DATA RECORDS:
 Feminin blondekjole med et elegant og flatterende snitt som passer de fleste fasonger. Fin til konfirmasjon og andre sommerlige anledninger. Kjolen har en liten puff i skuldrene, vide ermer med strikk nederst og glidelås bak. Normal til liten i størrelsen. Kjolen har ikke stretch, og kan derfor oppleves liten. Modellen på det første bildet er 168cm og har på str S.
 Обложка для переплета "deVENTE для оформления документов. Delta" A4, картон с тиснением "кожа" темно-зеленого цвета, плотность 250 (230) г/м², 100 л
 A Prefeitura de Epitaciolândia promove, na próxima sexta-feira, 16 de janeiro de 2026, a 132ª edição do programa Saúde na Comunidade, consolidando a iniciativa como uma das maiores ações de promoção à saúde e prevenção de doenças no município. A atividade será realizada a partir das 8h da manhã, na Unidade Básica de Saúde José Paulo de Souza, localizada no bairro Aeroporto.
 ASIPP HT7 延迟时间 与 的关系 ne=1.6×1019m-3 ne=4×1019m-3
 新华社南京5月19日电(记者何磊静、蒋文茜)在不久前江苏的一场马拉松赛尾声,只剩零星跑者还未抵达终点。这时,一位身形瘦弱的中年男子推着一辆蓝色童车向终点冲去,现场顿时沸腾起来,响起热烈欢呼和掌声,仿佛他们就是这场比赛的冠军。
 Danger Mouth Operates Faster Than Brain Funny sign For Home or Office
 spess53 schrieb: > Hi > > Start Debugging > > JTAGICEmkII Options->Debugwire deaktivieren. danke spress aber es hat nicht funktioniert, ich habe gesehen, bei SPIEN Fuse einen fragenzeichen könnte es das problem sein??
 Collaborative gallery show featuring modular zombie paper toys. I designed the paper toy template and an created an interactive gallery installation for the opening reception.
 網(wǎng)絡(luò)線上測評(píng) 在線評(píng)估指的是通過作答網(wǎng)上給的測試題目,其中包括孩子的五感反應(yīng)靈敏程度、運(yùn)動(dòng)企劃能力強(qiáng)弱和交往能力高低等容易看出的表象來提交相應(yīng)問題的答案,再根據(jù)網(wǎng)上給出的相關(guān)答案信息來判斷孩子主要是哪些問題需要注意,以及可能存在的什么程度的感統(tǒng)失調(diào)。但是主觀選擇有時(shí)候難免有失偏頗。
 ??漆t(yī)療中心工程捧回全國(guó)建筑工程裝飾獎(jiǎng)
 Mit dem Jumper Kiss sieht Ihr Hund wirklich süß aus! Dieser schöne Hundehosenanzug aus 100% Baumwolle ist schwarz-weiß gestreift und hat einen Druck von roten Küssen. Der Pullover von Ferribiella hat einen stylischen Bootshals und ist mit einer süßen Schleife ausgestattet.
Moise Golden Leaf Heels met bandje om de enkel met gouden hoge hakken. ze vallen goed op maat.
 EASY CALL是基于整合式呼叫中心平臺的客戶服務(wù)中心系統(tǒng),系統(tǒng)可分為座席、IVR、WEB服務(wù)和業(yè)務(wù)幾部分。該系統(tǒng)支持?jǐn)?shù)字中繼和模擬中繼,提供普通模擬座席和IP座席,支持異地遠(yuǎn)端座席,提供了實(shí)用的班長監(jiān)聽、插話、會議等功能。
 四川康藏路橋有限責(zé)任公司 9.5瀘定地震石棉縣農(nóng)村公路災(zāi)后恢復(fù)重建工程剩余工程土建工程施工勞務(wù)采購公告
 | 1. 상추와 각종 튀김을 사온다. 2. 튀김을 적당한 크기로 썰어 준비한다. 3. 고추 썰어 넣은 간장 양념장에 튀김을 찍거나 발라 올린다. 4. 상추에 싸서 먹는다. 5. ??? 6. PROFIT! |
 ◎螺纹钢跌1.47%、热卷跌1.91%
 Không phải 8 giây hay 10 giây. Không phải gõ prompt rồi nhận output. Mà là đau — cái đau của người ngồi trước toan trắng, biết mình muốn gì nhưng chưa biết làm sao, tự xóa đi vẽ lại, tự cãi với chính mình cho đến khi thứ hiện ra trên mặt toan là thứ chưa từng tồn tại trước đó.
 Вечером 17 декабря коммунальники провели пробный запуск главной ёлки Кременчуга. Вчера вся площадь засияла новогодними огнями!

DESCRIPTION OF THE TASK: Wherever the string "tǒng" appears in the entries, copy that line.

REPLY TO THE TASK:
 網(wǎng)絡(luò)線上測評(píng) 在線評(píng)估指的是通過作答網(wǎng)上給的測試題目,其中包括孩子的五感反應(yīng)靈敏程度、運(yùn)動(dòng)企劃能力強(qiáng)弱和交往能力高低等容易看出的表象來提交相應(yīng)問題的答案,再根據(jù)網(wǎng)上給出的相關(guān)答案信息來判斷孩子主要是哪些問題需要注意,以及可能存在的什么程度的感統(tǒng)失調(diào)。但是主觀選擇有時(shí)候難免有失偏頗。
 EASY CALL是基于整合式呼叫中心平臺的客戶服務(wù)中心系統(tǒng),系統(tǒng)可分為座席、IVR、WEB服務(wù)和業(yè)務(wù)幾部分。該系統(tǒng)支持?jǐn)?shù)字中繼和模擬中繼,提供普通模擬座席和IP座席,支持異地遠(yuǎn)端座席,提供了實(shí)用的班長監(jiān)聽、插話、會議等功能。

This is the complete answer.